The final step we need to take before we can map our theft data is, of course, compute a crime rate per month for our all_theft_ward_sdf data frame. We have our pop2019 column within our all_theft_ward_sdf data frame - we just need to figure out the code that allows us to apply our calculation that we’ve used in our previous practicals (i.e. using the Attribute/Field Calculator in QGIS: value/pop2019 * 10000) to each of our datasets.

Once again, after a bit of searching, we can find out that the mutate() function comes in handy - and we can follow a specific approach in our code that allows us to apply the above equation to all of our columns within our data frame. Now this is certainly a big jump in terms of complexity of our code - below, we are going to store within our crime_rate variable our own function that calculates crime rate on a given value, currently called x, but will be (through our second line our code) each individual cell within our all_theft_ward_sdf spatial data frame contained within our month columns (using the mutate_at() function).

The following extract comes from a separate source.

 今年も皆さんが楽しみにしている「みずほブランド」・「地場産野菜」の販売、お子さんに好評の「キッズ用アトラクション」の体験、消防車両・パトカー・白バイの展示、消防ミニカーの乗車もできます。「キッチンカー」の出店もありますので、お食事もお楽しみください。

# create a new function called crime rate, which takes an argument, x, and the
# crime rate calculation
crime_rate = function(x, na.rm = FALSE) ((x/all_theft_ward_sdf$pop2019) * 10000)

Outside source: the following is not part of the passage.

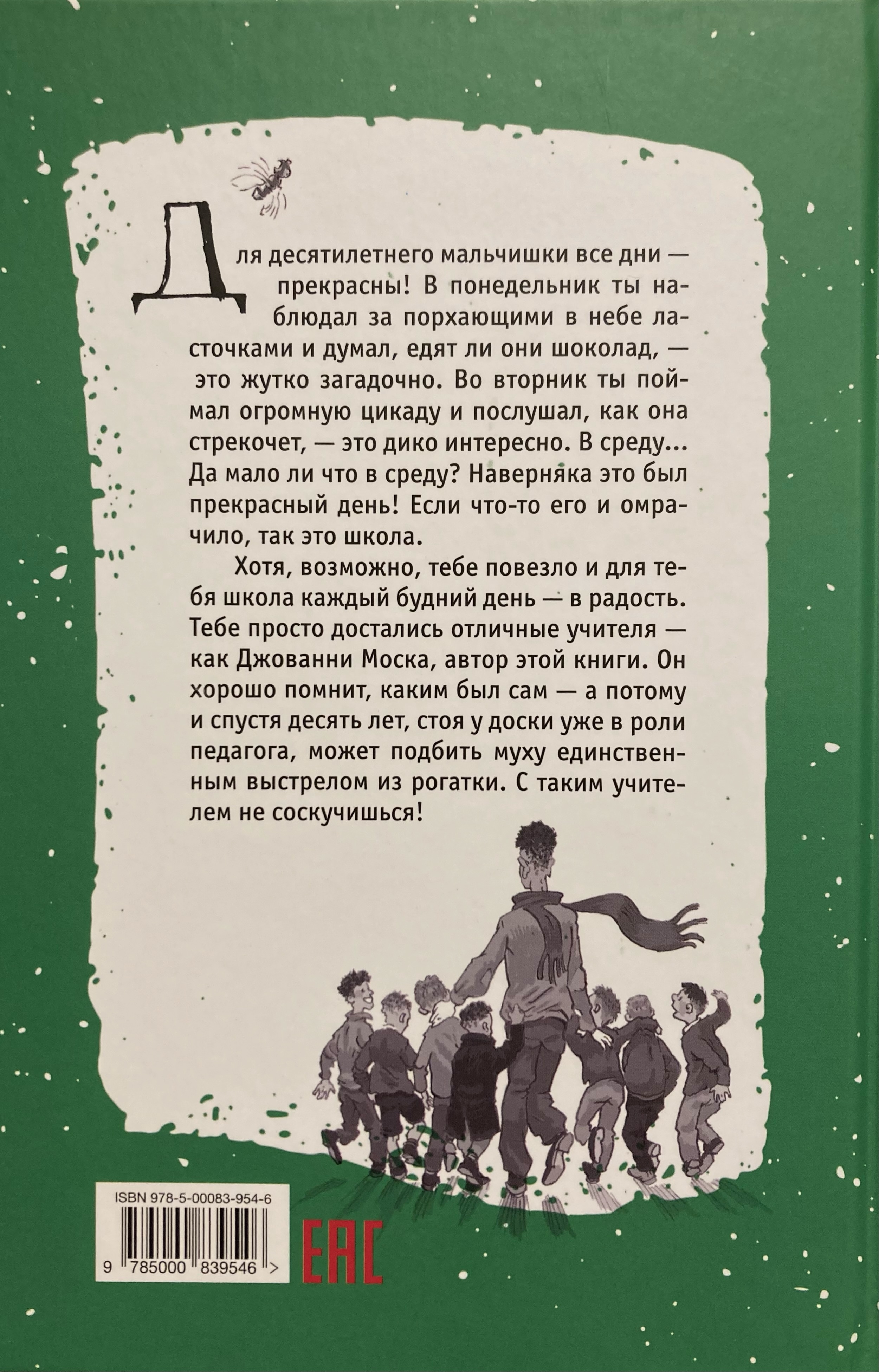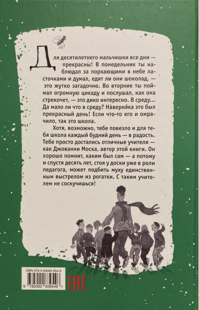 Although, perhaps you were lucky and for you, school is a joy every weekday. You just had great teachers—like Giovanni Mosca, the author of this book. He remembers well what he was like—and that's why, ten years later, standing at the blackboard as a teacher, he can shoot a fly with a single shot from his slingshot. You'll never get bored with a teacher like that! Italian writer and journalist Giovanni Mosca recalls his childhood and his experience teaching fifth-graders. No matter what the era, his observations are precise and his words are true. He was a student in an ordinary Italian school in the 1910s, a teacher in the 1930s, and became famous in our country in the 1980s thanks to Gennady Khazanov and Yevgeny Morgunov in the film magazine "Yeralash." And now it's the 1910s again—and Mosca's school sketches are just as modern, captivating, and funny!

# apply this calculation to all columns between 8 and 19 within the
# all_theft_ward_sdf and transform the values
theft_crime_rate_sdf <- mutate_at(all_theft_ward_sdf, vars(8:19), crime_rate)

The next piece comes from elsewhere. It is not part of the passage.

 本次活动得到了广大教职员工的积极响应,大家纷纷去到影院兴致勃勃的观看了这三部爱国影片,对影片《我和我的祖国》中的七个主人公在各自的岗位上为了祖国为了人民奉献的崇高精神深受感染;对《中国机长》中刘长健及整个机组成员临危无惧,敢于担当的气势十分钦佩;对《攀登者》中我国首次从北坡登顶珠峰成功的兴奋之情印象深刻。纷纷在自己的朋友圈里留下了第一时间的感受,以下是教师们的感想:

Have a look at your new theft_crime_rate_sdf spatial data frame - does it look as you would expect? Now we have our final data frame, we can go ahead and make our maps.

5.3.9 Mapping crime data

For making our maps, we will be using one of two main visualisation libraries that can be used for spatial data: tmap. tmap is a library written around thematic map visualisation. The package offers a flexible, layer-based, and easy to use approach to create thematic maps, such as choropleths and bubble maps. What is really great about tmap is that it comes with one quick plotting method for a map called: qtm() - it quite literally stands for quick thematic map.

We can use this function to plot the theft crime rate for one of our months really quickly. Within your script, use the qtm function to create a map of theft crime rate in London in January 2020.

Note
Before continuing do confirm whether your theft_crime_rate_sdf is indeed still of class sf. In some instances it is possible that this changed when manipulating the attributes. You can simply check this by running class(theft_crime_rate_sdf). If your dataframe is not of class sf, you can force it into one by running theft_crime_rate_sdf <- st_as_sf(theft_crime_rate_sdf)).

# quick thematic map for January 2020
qtm(theft_crime_rate_sdf, fill = "jan_2020")

In this case, the fill argument is how we tell tmap to create a choropleth map based on the values in the column we provide it with - if we simply set it to NULL, we would only draw the borders of our polygon (you can try this out in your console if you’d like). Within our qtm function, we can pass quite a few different parameters that would enable us to change specific aesthetics of our map - if you go ahead and look up the documentation for the function, you will see a list of these parameters. We can, for example, set the lines of our ward polygons to white by adding the borders parameter:

# quick thematic map for January 2020, include white borders
qtm(theft_crime_rate_sdf, fill = "jan_2020", borders = "white")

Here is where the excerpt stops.